Ich knüpfte mich ein, ohne dass es zu einsam wurde und konnte so, als im Jahr 2020 plötzlich alle dazu gezwungen waren, mit sich selbst in Klausur zu gehen, ganz einfach in die Phase der Ent-Wicklung rutschen. Alles, was ich dazu brauchte, hatte ich vorher erledigt. Alte Wunden waren verheilt, auch dank der Menschen, die mir dabei geholfen haben. Die meisten von ihnen fand ich in Gilching, ein paar in nicht allzu ferner Umgebung. Es zeigte sich, dass meine innere Stimme, damals am Bahnhof von Argelsried, Recht behalten hatte. Das war der Platz, den ich brauchte. Und umgekehrt.

 

So kam es, dass ich im Juli 2020 als Schmetterling den Kokon verließ und von da an viel leichter durchs Leben flatterte. Meine Farben waren so frisch wie die eines Regenbogens und der Ballast wurde immer weniger. Die Gabriele, die sich lange Zeit versteckt hatte, nahm selbstbewusst den Platz der kleinen Gaby ein.
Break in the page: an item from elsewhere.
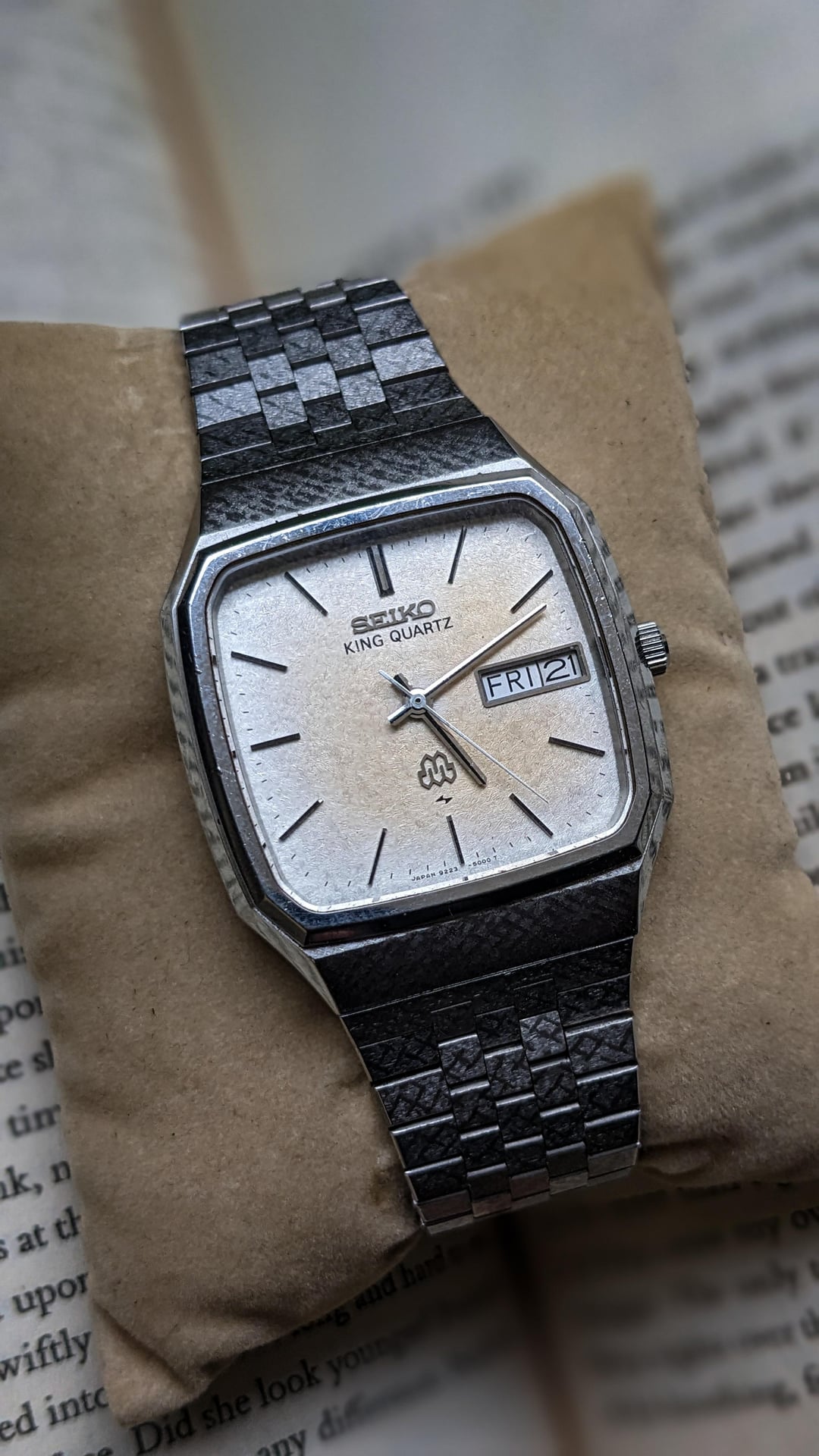 Up for sale is a Vintage Seiko King Quartz Ref. 9223-5000, featuring Seiko’s high-accuracy Twin Quartz movement. This model is known for its excellent precision, clean angular case design, and refined vintage aesthetics. The watch features a beautiful Snowflake Patina silver dial, day-date display, and its original Seiko integrated bracelet . It runs flawlessly. Watch Details Brand: Seiko Model: King Quartz Reference: 9223-5000 Movement: Twin Quartz (high-accuracy quartz) Case Size: \~35mm Bracelet: Original Seiko integrated bracelet Accessories: Watch only Timestamp: [https://imgur.com/a/aIpRM0Z](https://imgur.com/a/aIpRM0Z) 💵 Price: 225$ only 📩 Please comment here before sending a PM.

Und ich tat es endlich: Regelmäßig Videobotschaften aufnehmen – und das Buch schreiben, das 20 Jahre darauf gewartet hatte. Dieses Buch wird immer mit dir verbunden bleiben, liebes Gilching.

 

Jetzt ist es Zeit, neue Seiten aufzuschlagen und davon zu fliegen.

 

Ich lasse, neben all den Dingen, die ich im Eine-Welt-Basar oder in meiner Zu-Verschenken-Kiste am Straßenrand gespendet und verschenkt habe, neben den biologischen Resten, die auf meinem Acker anfielen und die wieder zu Gilchinger Erde wurden und neben ein paar Handvoll Blumensamen, die ich großzügig an ein paar Stellen im Bannwald verteilt habe, viele liebe Menschen zurück, die mir hier ein Gefühl der Zugehörigkeit gegeben haben:

 

All diejenigen, die nebenan wohnten.

Große und kleine Menschen, die nach ihrer Flucht eine neue Heimat hier gefunden haben und Menschen, die ihnen dabei geholfen und sie unterstützt haben.
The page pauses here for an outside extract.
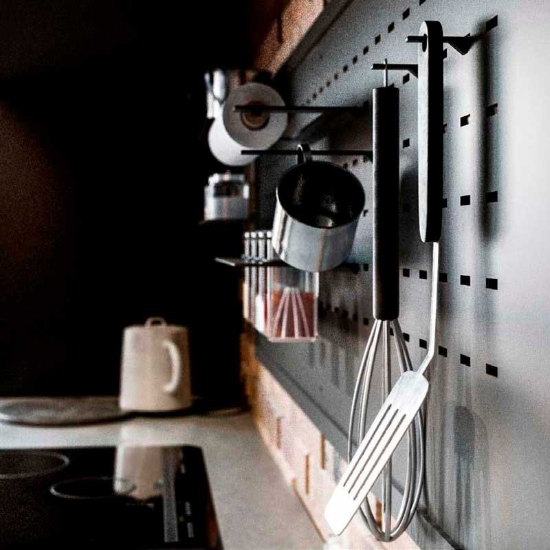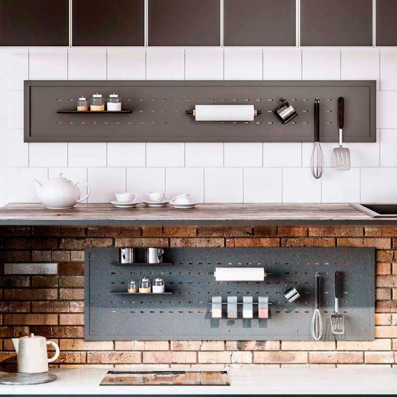 Linero Back é uma placa metálica fina, versátil e modular para instalar em qualquer parede. Perfurando a superfície, permite criar combinações infinitas.

Soprane, Altistinnen, Tenöre und Bässe – samt Ton- und Taktangeber.

Helfende und heilende Hände für Notfälle, für Verspannungen, bei Krankheiten und für die Seele.
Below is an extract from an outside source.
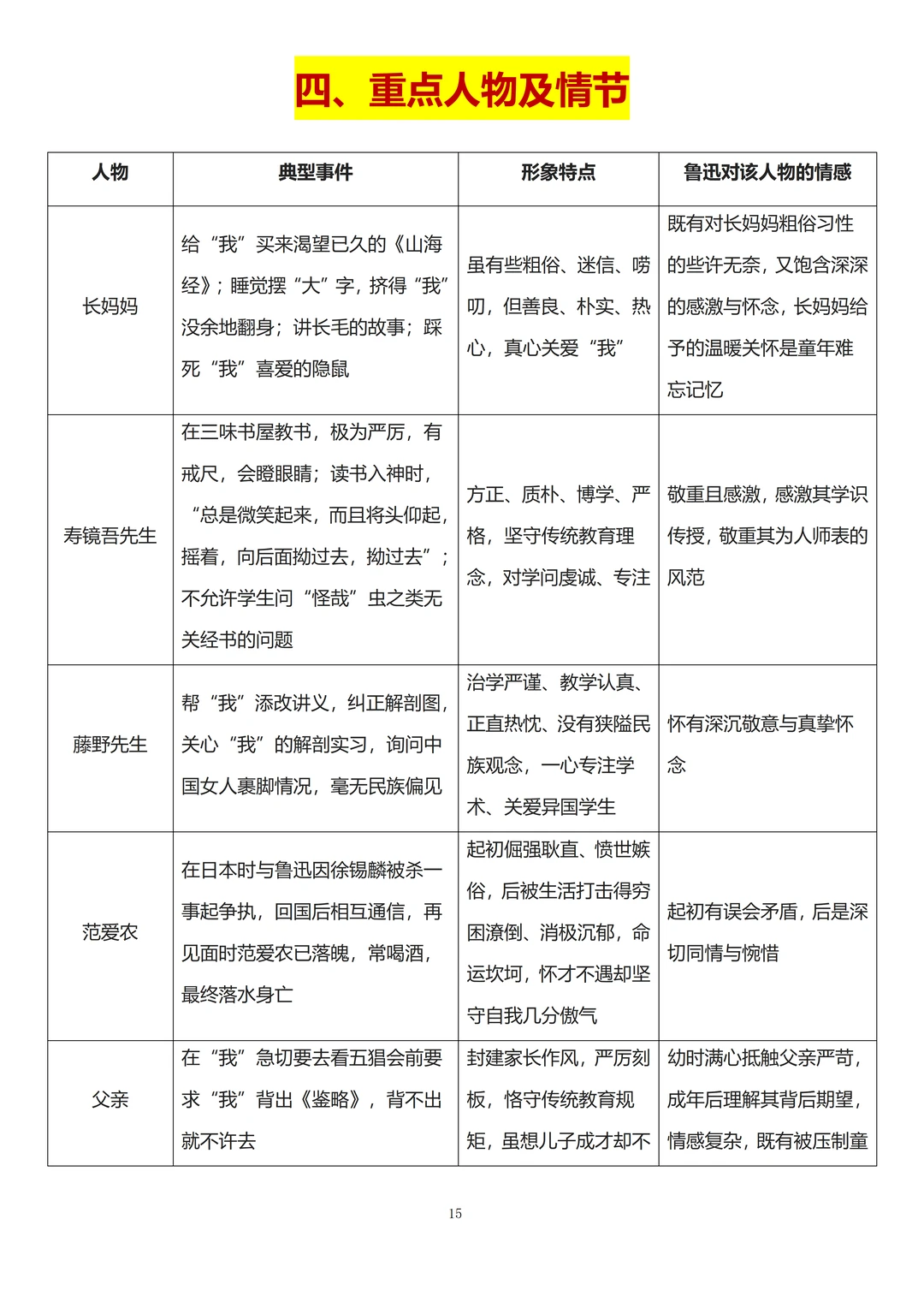 4、重点人物及情节

Kreative, Engagierte und politisch Aktive.

Gärtner und Ackerbäuerinnen.

Kurzum: Alle, die in ihrer Eigen-Art zu Freundinnen und Freunden geworden sind.

Und alle Gilchinger Originale oder Zugereiste, denen ich in all der Zeit in Läden, in Praxen, bei Firmen, in Veranstaltungsräumen, an Treffpunkten, in Wald, Feld und Wiese – oder einfach online –  und auf der Straße begegnet bin.

 

Euch allen danke ich von Herzen, dass ihr eine Weile meinen Weg begleitet habt, mit mir gefeiert, diskutiert, philosophiert, ausprobiert, gesungen, gerungen, gebangt, mir handfest geholfen (vor allem, aber nicht nur, in der heißen Phase des Umzugs) und euch mit mir ausgetauscht habt. Kurzum: mir – wenn auch erst nach einer recht langen Weile – das Gefühl gegeben habt, dass ich in Gilching daheim war.

 

Es ist mir eine Ehre, euch zu kennen und es war stets ein Vergnügen, euch zu begegnen. Ich wünsche euch allen weiterhin viel Freude, Glück und Wohlbefinden in Gilching, um Gilching und um Gilching herum.

 

Für euch alle, für Neugierige und für dich, liebes Gilching, habe ich ein Abschiedsvideo aufgenommen. Nicht unbedingt mit technischer Finesse, aber mit viel Herz und Leidenschaft und sogar mit Musik und Gesang (meinem):

 

 

 

 

 

Servus, Gilching! Servus, euch allen. Pfiat euch.

 

Eure

Gabriele

Gabriele Feile fliegt und nimmt von dort oben große Zusammenhänge intensiv wahr. Sie sagt, was zu sagen ist und was gehört gehört.